Correlation Between Hankukpackage and Korean Reinsurance
Can any of the company-specific risk be diversified away by investing in both Hankukpackage and Korean Reinsurance at the same time? Although using a correlation coefficient on its own may not help to predict future stock returns, this module helps to understand the diversifiable risk of combining Hankukpackage and Korean Reinsurance into the same portfolio, which is an essential part of the fundamental portfolio management process.
By analyzing existing cross correlation between Hankukpackage Co and Korean Reinsurance Co, you can compare the effects of market volatilities on Hankukpackage and Korean Reinsurance and check how they will diversify away market risk if combined in the same portfolio for a given time horizon. You can also utilize pair trading strategies of matching a long position in Hankukpackage with a short position of Korean Reinsurance. Check out your portfolio center. Please also check ongoing floating volatility patterns of Hankukpackage and Korean Reinsurance.
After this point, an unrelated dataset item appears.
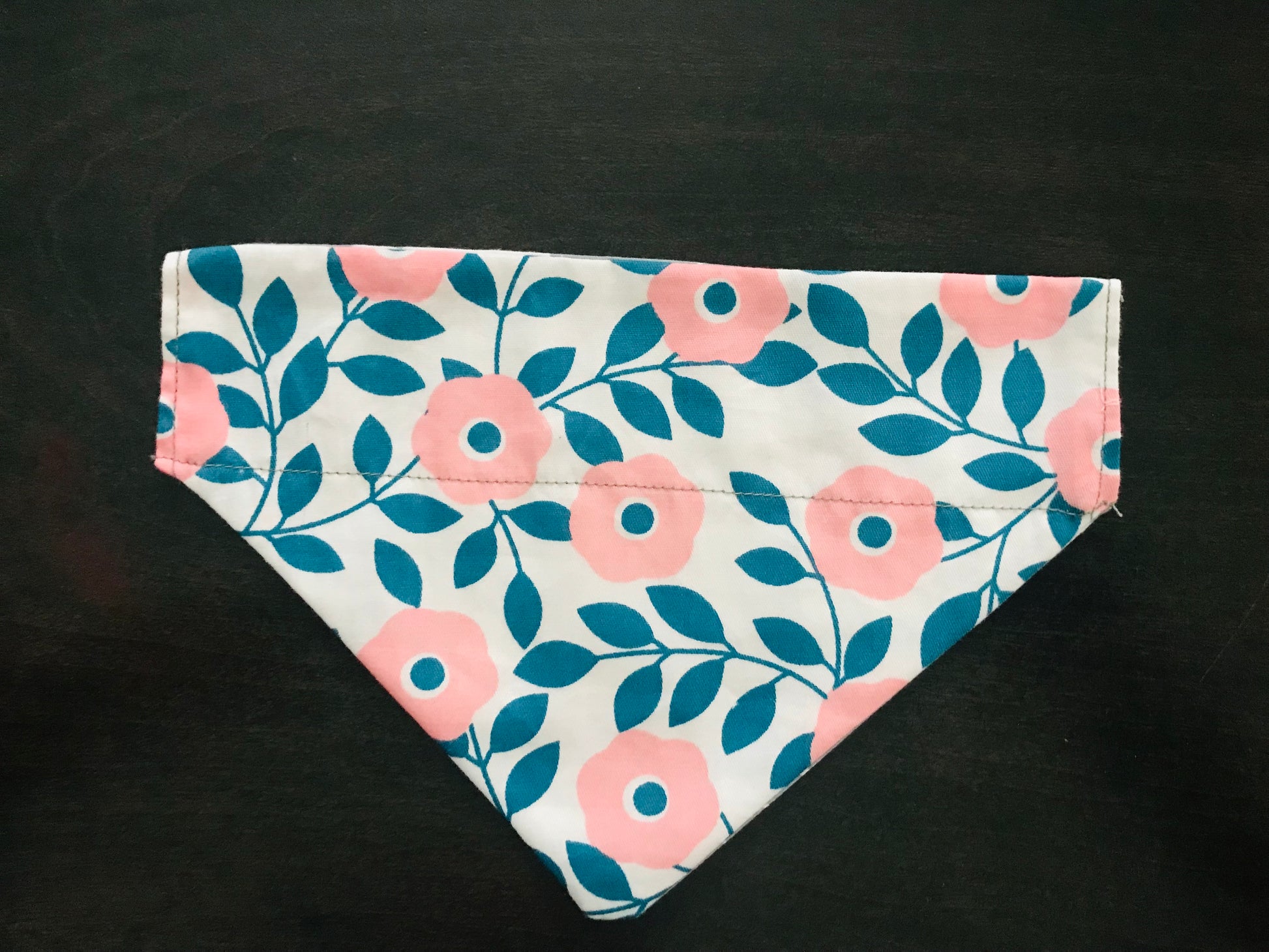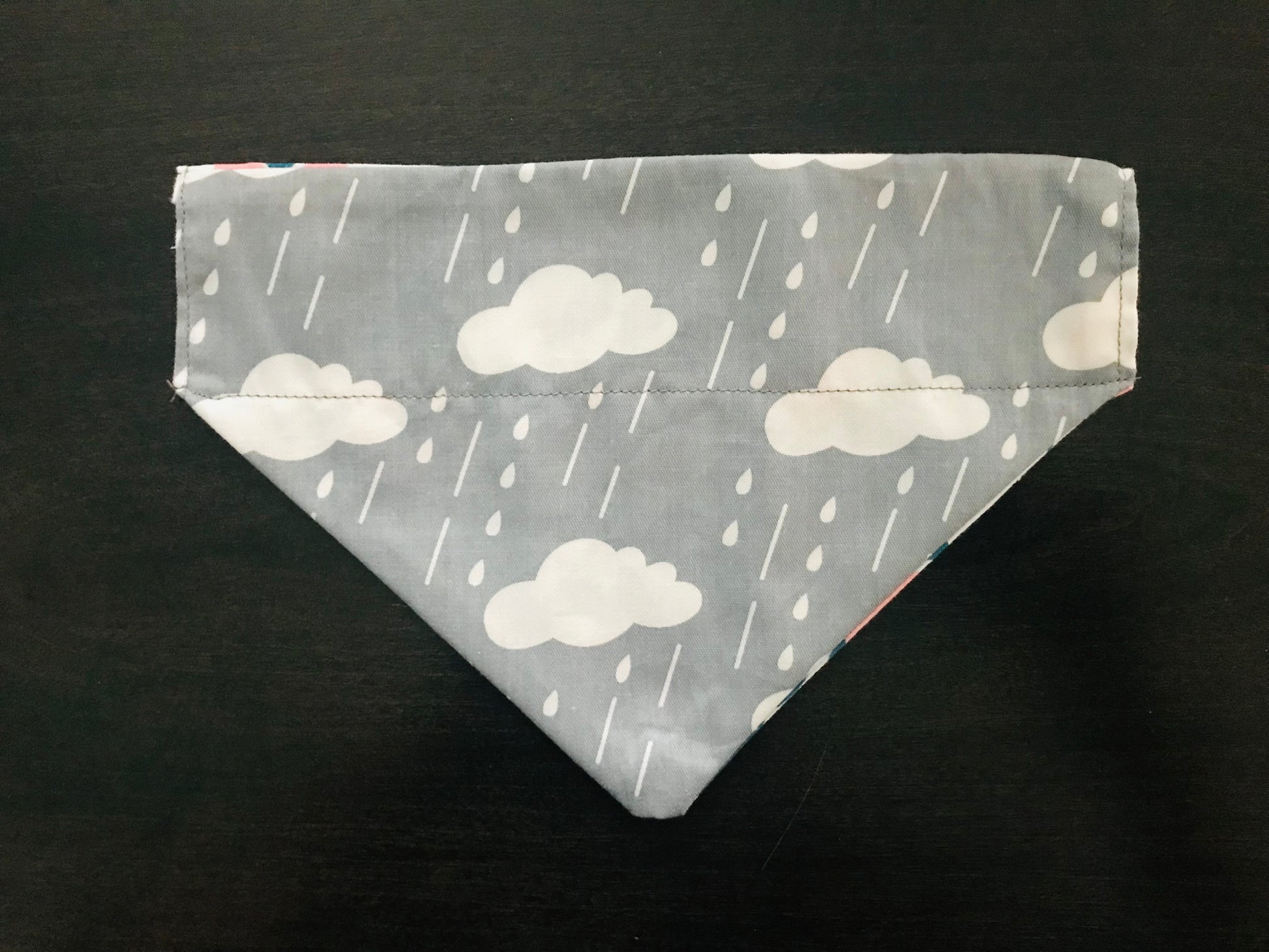 Reversible Bandana: Pink Flowers & Green Leaves on one side and Clouds & Rain on the other side

Diversification Opportunities for Hankukpackage and Korean Reinsurance
-0.46 | Correlation Coefficient |
Very good diversification
The 3 months correlation between Hankukpackage and Korean is -0.46. Overlapping area represents the amount of risk that can be diversified away by holding Hankukpackage Co and Korean Reinsurance Co in the same portfolio, assuming nothing else is changed. The correlation between historical prices or returns on Korean Reinsurance and Hankukpackage is a relative statistical measure of the degree to which these equity instruments tend to move together. The correlation coefficient measures the extent to which returns on Hankukpackage Co are associated (or correlated) with Korean Reinsurance. Values of the correlation coefficient range from -1 to +1, where. The correlation of zero (0) is possible when the price movement of Korean Reinsurance has no effect on the direction of Hankukpackage i.e., Hankukpackage and Korean Reinsurance go up and down completely randomly.
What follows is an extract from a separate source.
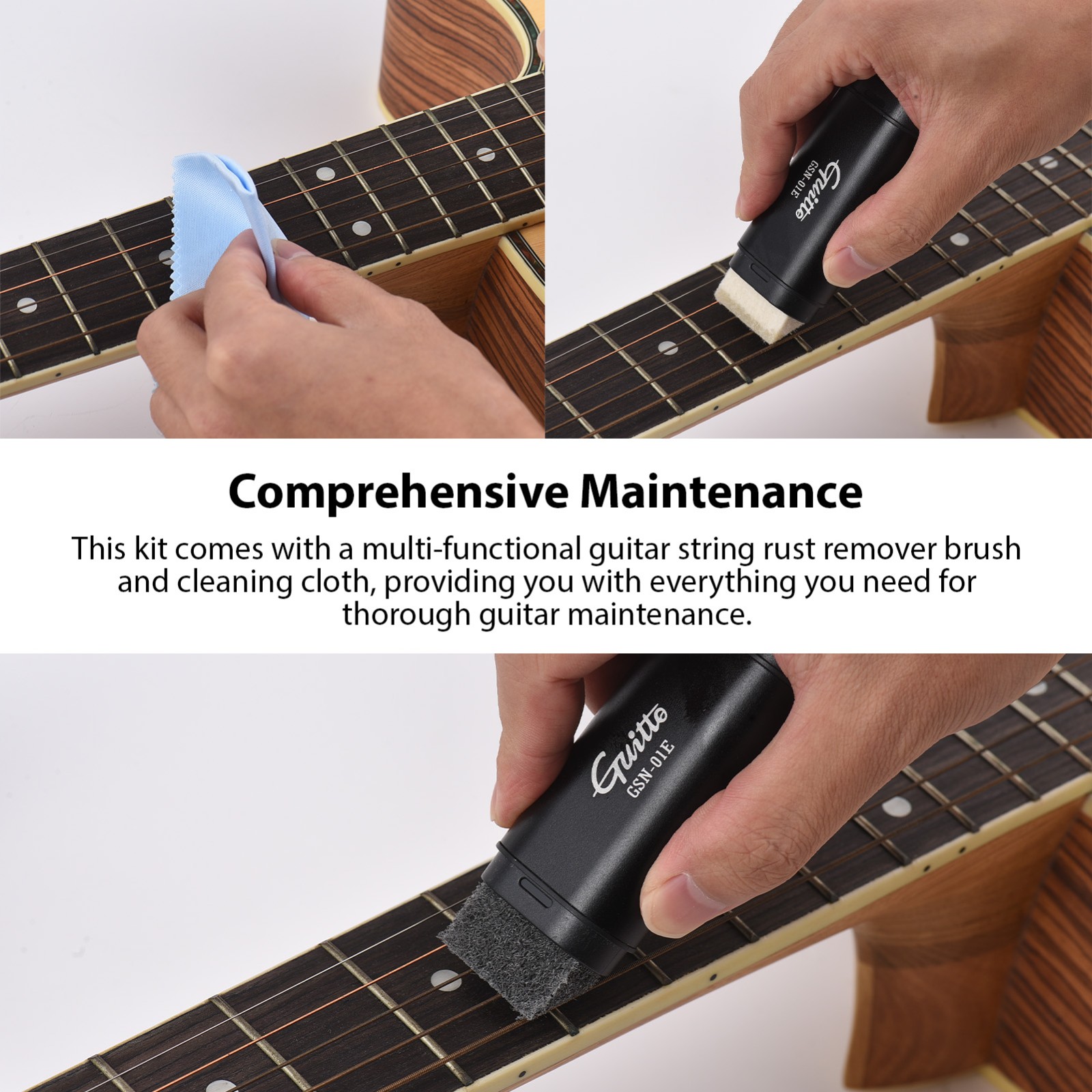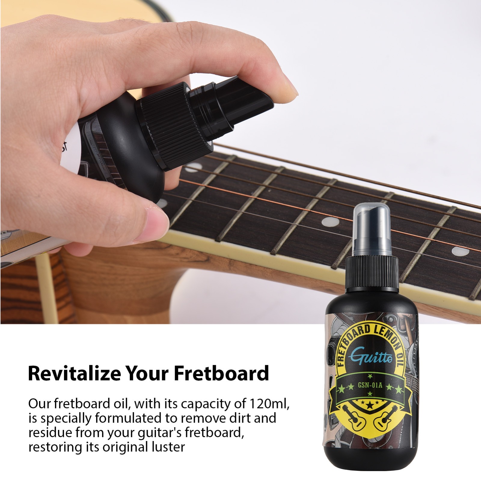 GUITTO 吉他护理油套装 指板滋润柠檬油120ml+琴弦防锈护理油50ml+琴体清洁上光剂120ml 吉他护理3件套带1个除锈刷2个清洁布 GSN-01 YM I9784 G

Pair Corralation between Hankukpackage and Korean Reinsurance
Assuming the 90 days trading horizon Hankukpackage Co is expected to under-perform the Korean Reinsurance. In addition to that, Hankukpackage is 1.15 times more volatile than Korean Reinsurance Co. It trades about -0.03 of its total potential returns per unit of risk. Korean Reinsurance Co is currently generating about 0.11 per unit of volatility. If you would invest 553,311 in Korean Reinsurance Co on October 9, 2024 and sell it today you would earn a total of 250,689 from holding Korean Reinsurance Co or generate 45.31% return on investment over 90 days.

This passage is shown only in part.